**What is being asked**
Take the lines of the data below from the very first through the line containing "Pero a pesar" and output them exactly, pictures excluded.

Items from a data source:
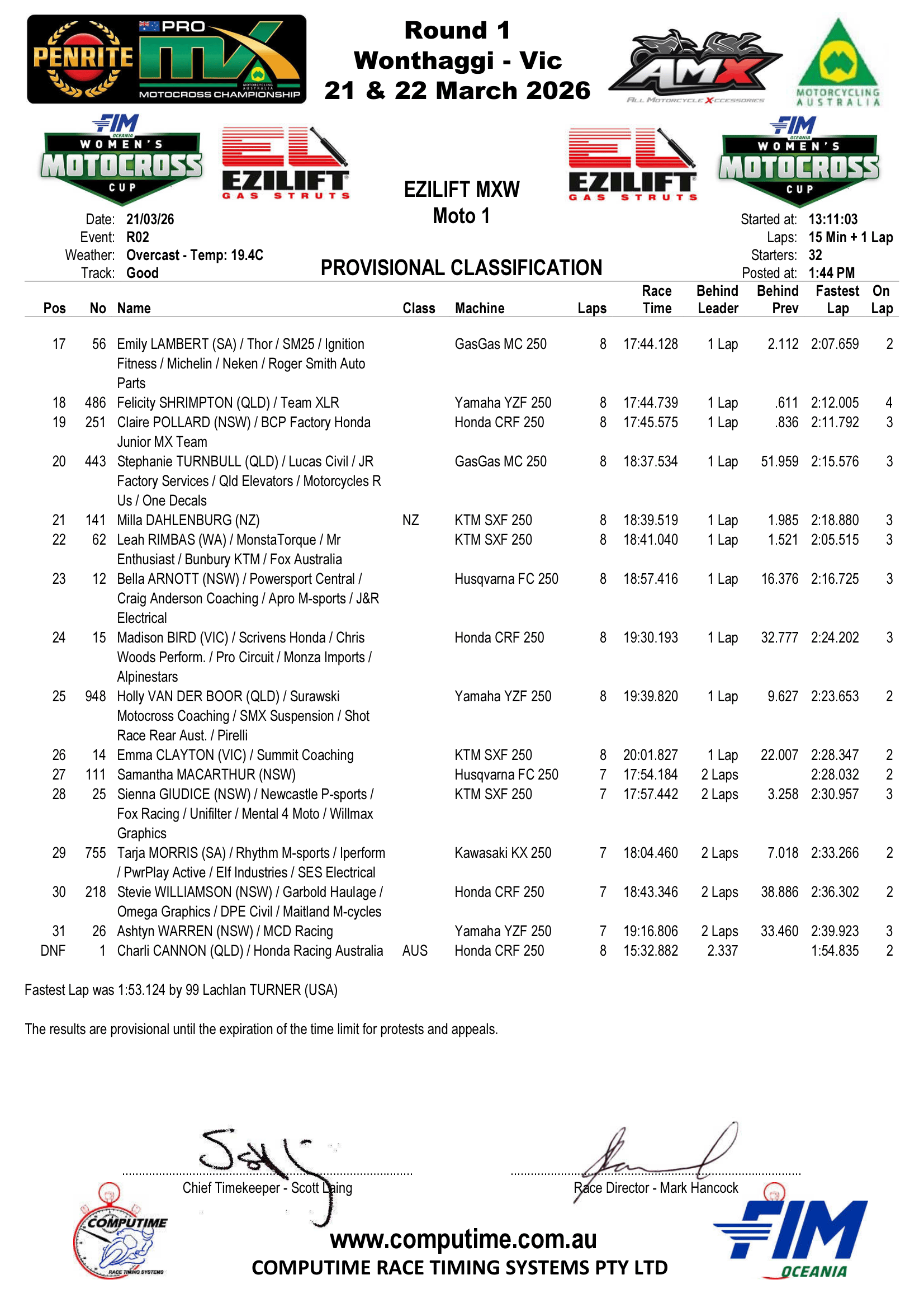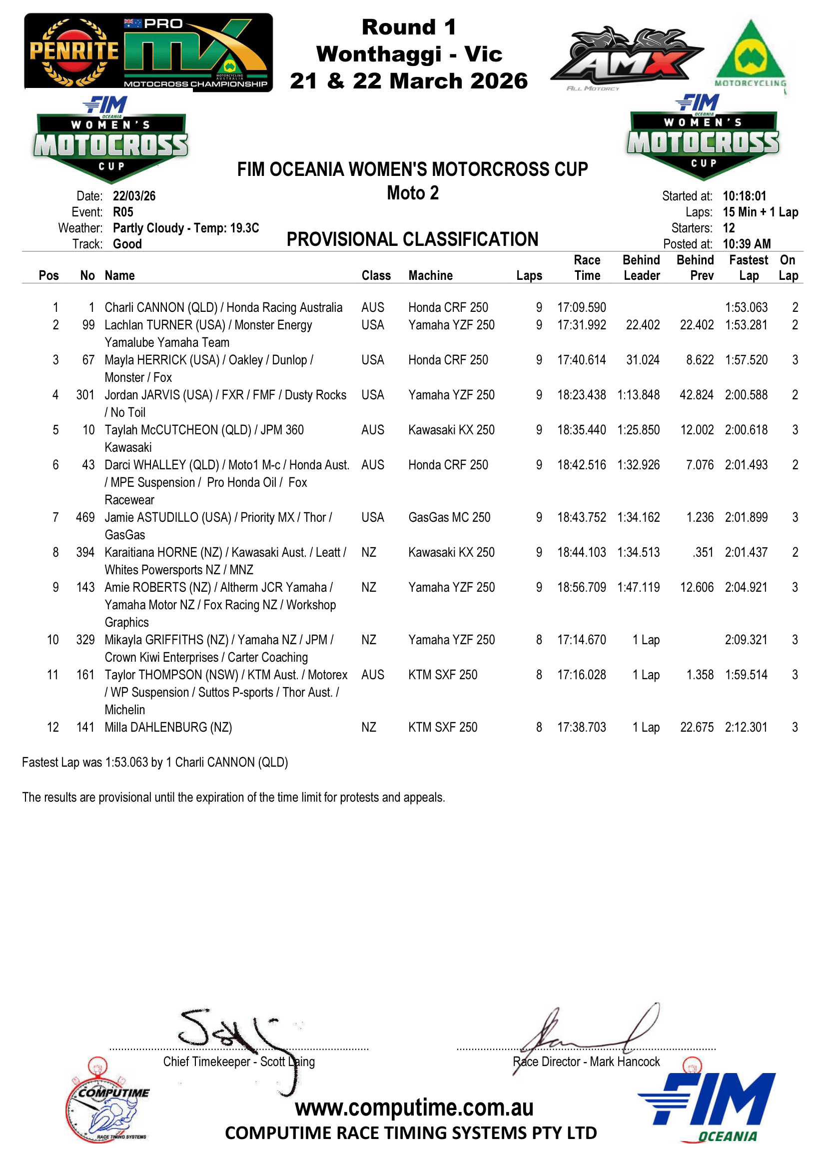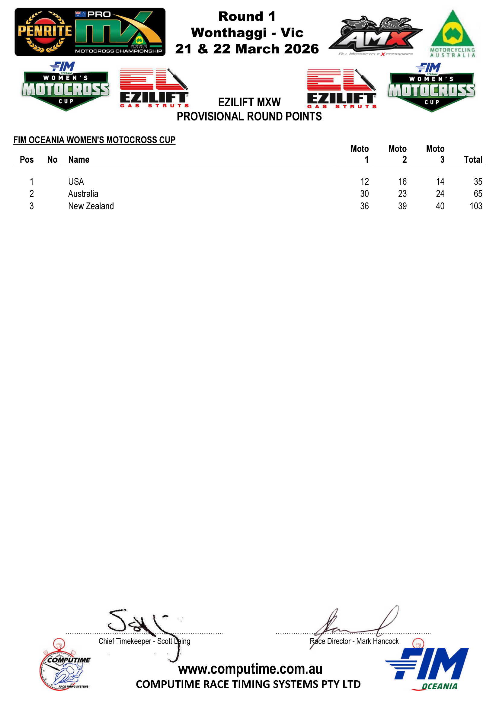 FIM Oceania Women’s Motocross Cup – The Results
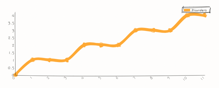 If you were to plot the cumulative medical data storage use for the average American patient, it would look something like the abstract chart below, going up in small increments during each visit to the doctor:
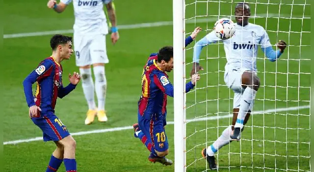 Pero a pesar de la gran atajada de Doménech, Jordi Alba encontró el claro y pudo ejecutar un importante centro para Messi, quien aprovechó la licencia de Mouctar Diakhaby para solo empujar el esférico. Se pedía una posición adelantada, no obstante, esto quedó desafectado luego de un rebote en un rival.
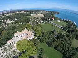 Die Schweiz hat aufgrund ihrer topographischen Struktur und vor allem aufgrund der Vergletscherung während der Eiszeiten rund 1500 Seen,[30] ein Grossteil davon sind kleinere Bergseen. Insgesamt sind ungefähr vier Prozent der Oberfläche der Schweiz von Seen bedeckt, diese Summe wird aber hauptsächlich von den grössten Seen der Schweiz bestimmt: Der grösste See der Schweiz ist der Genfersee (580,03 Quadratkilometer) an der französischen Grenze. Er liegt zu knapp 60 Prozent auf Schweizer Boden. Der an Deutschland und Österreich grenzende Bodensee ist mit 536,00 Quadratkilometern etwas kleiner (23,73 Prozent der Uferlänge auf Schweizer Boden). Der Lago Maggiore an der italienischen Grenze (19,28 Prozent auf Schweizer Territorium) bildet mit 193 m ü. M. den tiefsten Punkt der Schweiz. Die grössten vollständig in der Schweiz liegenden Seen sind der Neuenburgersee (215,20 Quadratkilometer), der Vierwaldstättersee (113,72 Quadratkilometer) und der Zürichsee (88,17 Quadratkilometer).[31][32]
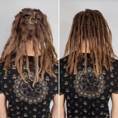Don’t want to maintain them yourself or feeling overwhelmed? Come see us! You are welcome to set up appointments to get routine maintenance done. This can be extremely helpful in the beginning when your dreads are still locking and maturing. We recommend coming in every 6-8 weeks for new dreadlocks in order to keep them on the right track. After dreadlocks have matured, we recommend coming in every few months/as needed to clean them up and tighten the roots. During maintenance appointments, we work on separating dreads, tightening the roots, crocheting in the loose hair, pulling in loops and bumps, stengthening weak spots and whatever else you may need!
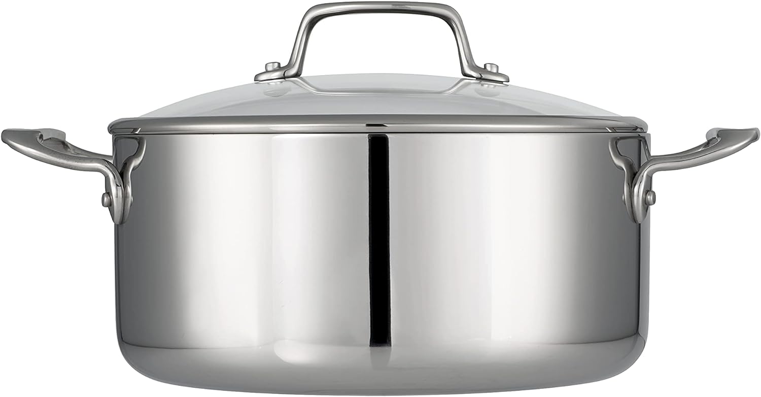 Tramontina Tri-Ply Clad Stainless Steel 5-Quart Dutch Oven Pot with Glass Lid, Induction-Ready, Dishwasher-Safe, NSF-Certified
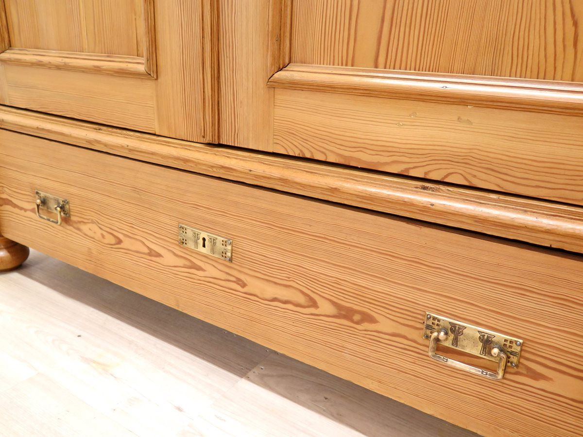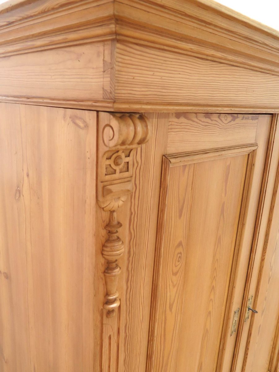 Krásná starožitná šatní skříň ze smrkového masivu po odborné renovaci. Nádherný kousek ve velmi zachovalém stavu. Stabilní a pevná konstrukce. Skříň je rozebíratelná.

**Result below**
 FIM Oceania Women’s Motocross Cup – The Results
 If you were to plot the cumulative medical data storage use for the average American patient, it would look something like the abstract chart below, going up in small increments during each visit to the doctor:
 Pero a pesar de la gran atajada de Doménech, Jordi Alba encontró el claro y pudo ejecutar un importante centro para Messi, quien aprovechó la licencia de Mouctar Diakhaby para solo empujar el esférico. Se pedía una posición adelantada, no obstante, esto quedó desafectado luego de un rebote en un rival.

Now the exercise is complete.